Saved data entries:
+++++

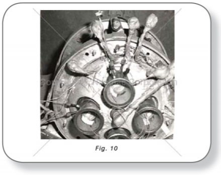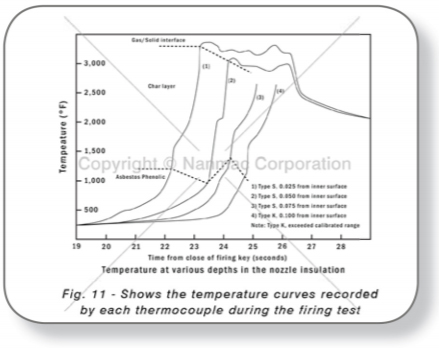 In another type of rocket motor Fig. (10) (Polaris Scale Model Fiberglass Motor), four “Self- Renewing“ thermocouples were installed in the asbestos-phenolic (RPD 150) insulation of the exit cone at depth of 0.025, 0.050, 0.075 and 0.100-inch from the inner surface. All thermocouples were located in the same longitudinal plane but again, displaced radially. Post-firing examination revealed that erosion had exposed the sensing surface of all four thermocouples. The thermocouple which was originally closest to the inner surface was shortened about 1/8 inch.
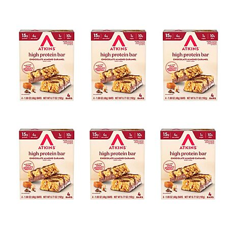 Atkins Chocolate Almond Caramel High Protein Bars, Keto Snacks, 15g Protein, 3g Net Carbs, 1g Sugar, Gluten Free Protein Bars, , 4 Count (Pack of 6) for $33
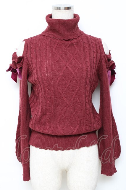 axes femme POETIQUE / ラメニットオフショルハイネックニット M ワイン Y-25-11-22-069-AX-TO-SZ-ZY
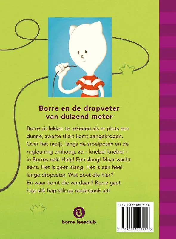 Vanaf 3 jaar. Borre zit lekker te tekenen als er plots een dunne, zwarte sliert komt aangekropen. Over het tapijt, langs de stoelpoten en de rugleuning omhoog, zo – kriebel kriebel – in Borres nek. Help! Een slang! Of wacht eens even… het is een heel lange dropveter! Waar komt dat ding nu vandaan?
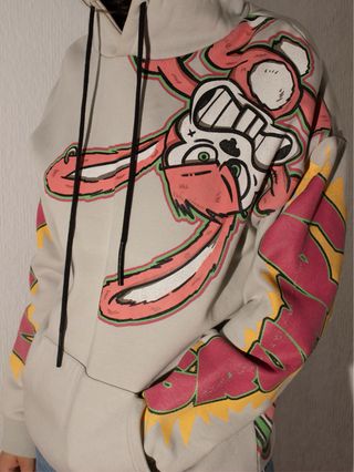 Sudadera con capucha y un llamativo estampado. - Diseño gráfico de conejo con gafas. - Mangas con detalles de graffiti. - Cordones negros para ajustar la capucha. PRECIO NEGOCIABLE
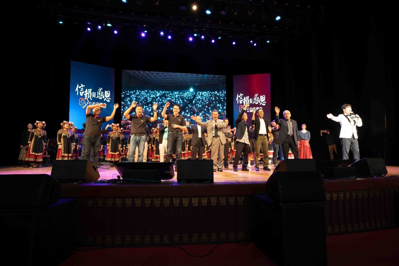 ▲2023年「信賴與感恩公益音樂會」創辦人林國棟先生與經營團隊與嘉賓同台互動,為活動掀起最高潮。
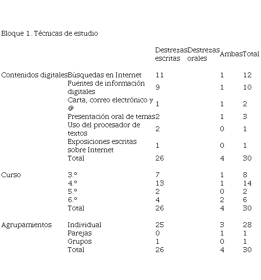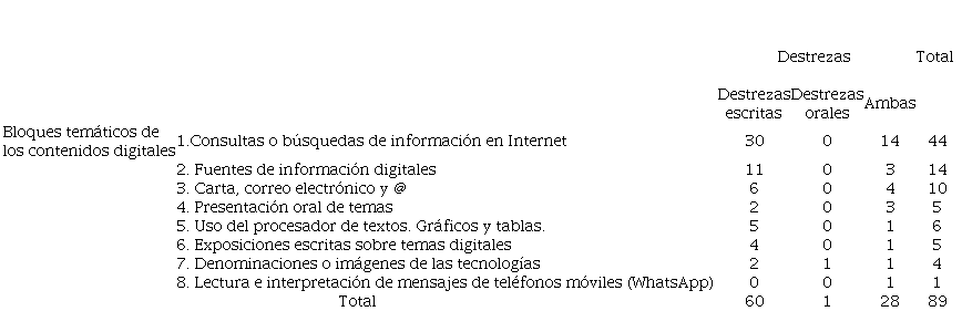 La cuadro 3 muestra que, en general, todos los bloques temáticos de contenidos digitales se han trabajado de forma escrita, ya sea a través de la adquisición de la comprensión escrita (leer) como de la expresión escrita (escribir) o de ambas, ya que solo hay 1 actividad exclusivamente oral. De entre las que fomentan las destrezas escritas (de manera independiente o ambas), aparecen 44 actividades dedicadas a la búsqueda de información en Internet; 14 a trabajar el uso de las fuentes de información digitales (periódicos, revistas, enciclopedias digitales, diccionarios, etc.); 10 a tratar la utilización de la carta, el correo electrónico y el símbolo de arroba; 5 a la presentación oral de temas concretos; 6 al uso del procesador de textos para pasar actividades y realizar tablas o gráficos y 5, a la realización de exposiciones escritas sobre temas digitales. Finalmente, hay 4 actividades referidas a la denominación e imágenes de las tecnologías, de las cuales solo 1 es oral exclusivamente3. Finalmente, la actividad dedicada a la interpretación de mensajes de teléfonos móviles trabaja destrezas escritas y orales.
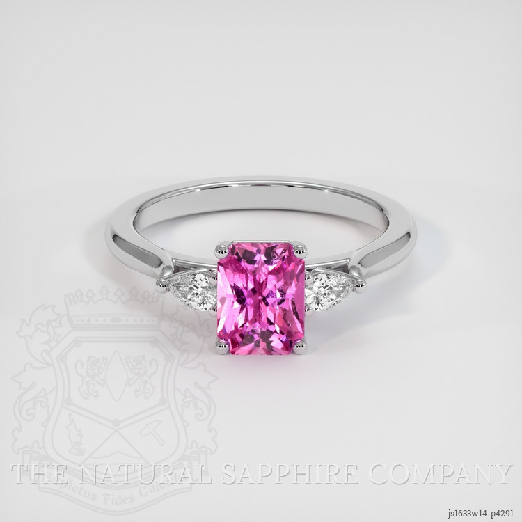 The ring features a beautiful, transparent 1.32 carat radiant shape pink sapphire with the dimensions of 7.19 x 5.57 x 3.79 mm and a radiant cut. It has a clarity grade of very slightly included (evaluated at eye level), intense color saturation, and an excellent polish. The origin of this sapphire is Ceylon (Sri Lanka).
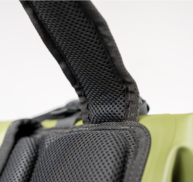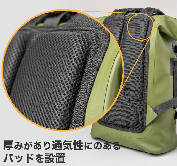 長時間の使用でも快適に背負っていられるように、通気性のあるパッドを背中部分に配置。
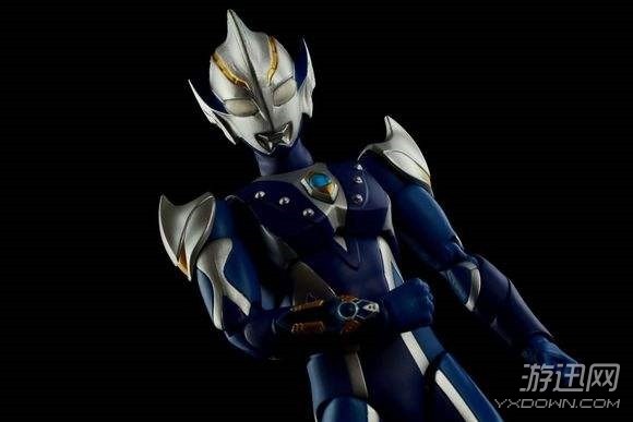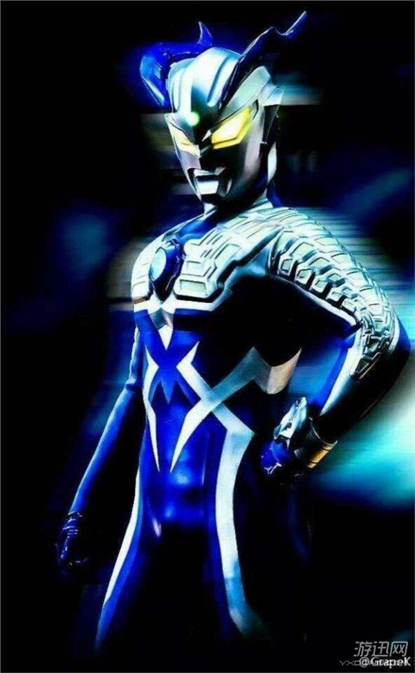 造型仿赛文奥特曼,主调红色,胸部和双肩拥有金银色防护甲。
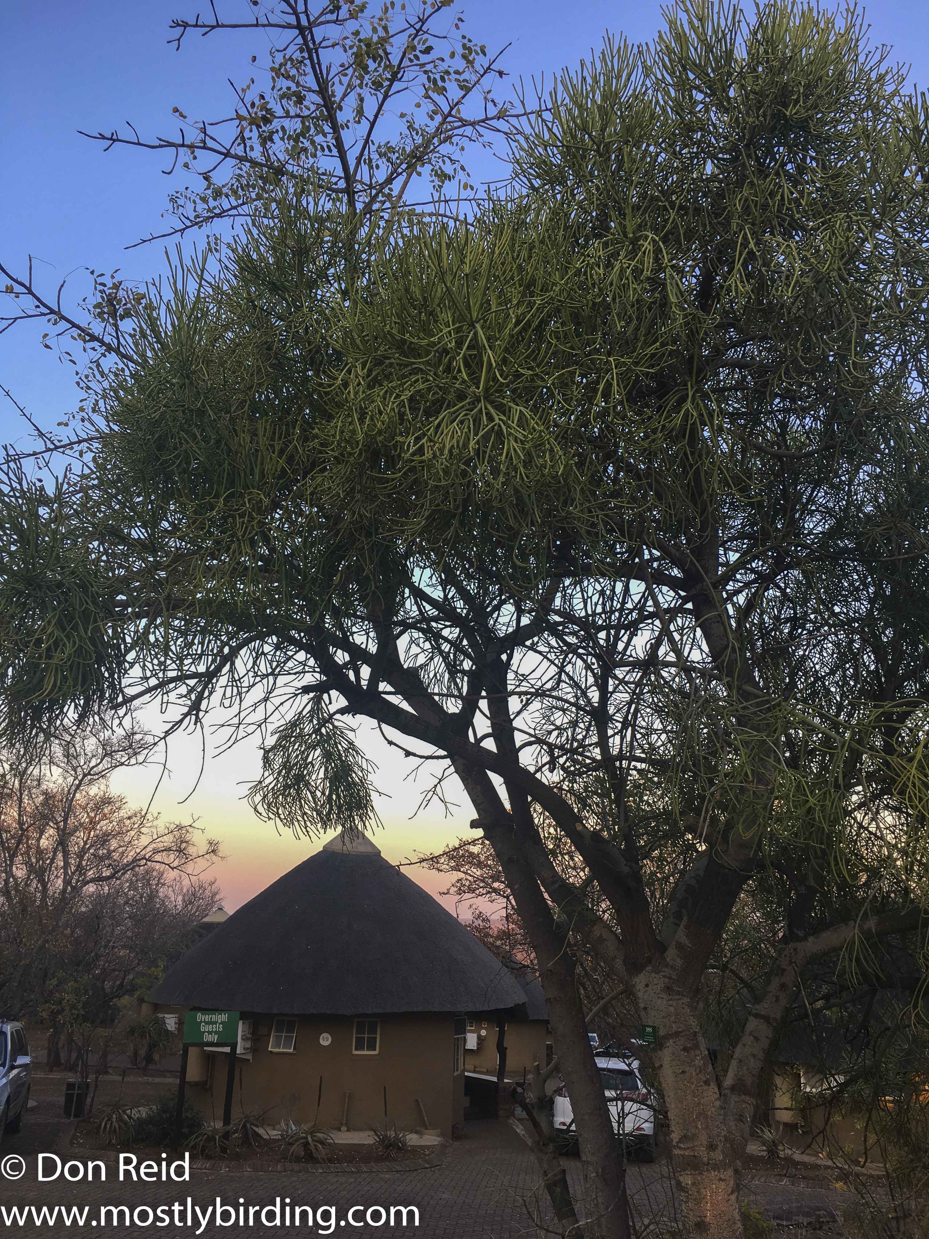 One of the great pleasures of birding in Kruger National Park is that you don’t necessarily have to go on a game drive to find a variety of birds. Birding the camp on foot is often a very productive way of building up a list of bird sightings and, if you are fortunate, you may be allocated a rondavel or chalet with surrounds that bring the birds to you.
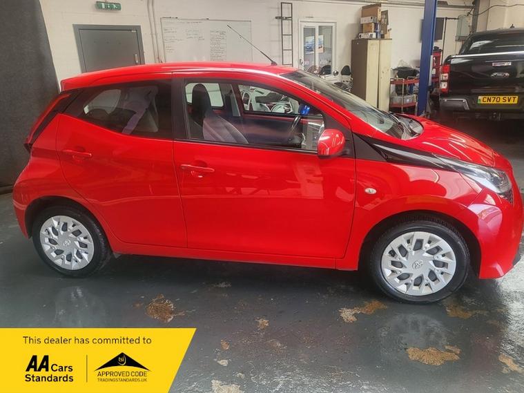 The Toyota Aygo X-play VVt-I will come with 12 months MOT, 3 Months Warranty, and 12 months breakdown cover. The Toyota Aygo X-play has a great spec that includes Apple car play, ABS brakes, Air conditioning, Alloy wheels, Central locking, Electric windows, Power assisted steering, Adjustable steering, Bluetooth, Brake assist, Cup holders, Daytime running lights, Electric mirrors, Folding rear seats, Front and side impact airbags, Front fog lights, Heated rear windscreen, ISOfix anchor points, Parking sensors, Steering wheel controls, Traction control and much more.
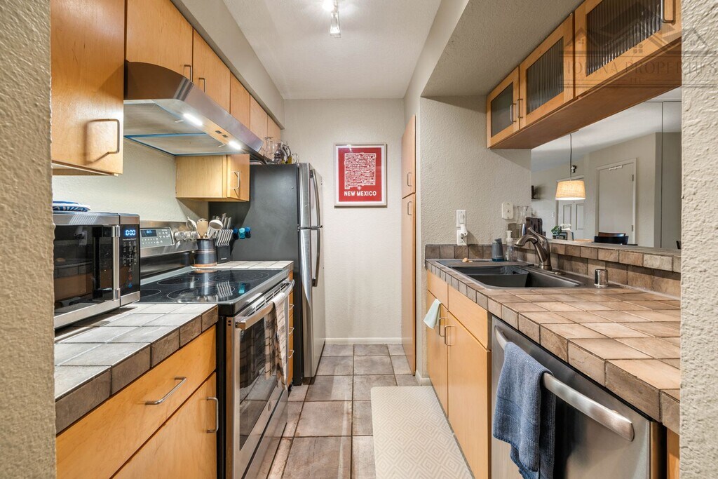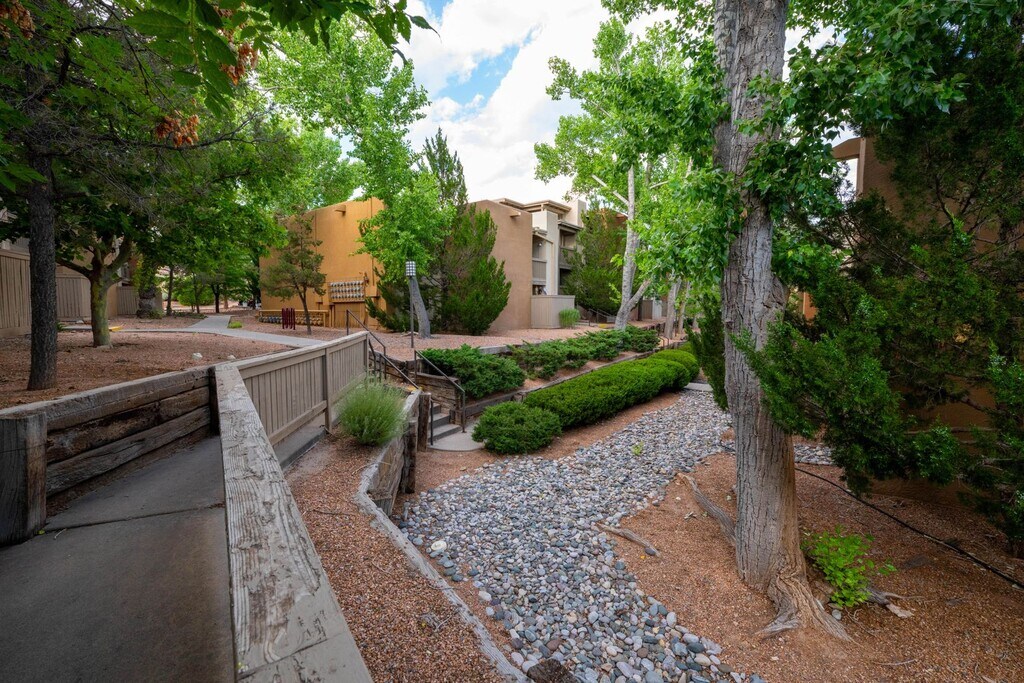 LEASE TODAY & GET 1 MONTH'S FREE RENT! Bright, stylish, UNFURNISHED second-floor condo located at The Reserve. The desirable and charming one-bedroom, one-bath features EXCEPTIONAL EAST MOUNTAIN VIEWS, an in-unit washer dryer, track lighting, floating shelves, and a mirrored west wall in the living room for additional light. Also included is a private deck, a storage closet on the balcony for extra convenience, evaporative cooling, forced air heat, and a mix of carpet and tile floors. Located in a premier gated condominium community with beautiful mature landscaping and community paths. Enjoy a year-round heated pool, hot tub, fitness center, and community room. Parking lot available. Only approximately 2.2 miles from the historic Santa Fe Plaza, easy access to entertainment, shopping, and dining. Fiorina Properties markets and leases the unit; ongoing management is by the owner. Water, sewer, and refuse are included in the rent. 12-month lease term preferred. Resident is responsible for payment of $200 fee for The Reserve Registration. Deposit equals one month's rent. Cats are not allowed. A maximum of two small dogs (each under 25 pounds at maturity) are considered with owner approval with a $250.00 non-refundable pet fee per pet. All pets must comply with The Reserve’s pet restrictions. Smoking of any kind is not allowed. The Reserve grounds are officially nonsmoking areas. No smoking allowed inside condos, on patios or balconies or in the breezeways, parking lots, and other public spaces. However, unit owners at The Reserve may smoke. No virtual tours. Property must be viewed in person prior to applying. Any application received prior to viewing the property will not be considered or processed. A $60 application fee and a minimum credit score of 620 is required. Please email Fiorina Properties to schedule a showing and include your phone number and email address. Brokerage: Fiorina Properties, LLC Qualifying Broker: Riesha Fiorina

+++++

Though the entries above contain pictures, none should be copied; reproduce only the lines between the one holding "The ring features" and the one holding "One of the great", inclusive, exactly as written.

 The ring features a beautiful, transparent 1.32 carat radiant shape pink sapphire with the dimensions of 7.19 x 5.57 x 3.79 mm and a radiant cut. It has a clarity grade of very slightly included (evaluated at eye level), intense color saturation, and an excellent polish. The origin of this sapphire is Ceylon (Sri Lanka).
 長時間の使用でも快適に背負っていられるように、通気性のあるパッドを背中部分に配置。
 造型仿赛文奥特曼,主调红色,胸部和双肩拥有金银色防护甲。
 One of the great pleasures of birding in Kruger National Park is that you don’t necessarily have to go on a game drive to find a variety of birds. Birding the camp on foot is often a very productive way of building up a list of bird sightings and, if you are fortunate, you may be allocated a rondavel or chalet with surrounds that bring the birds to you.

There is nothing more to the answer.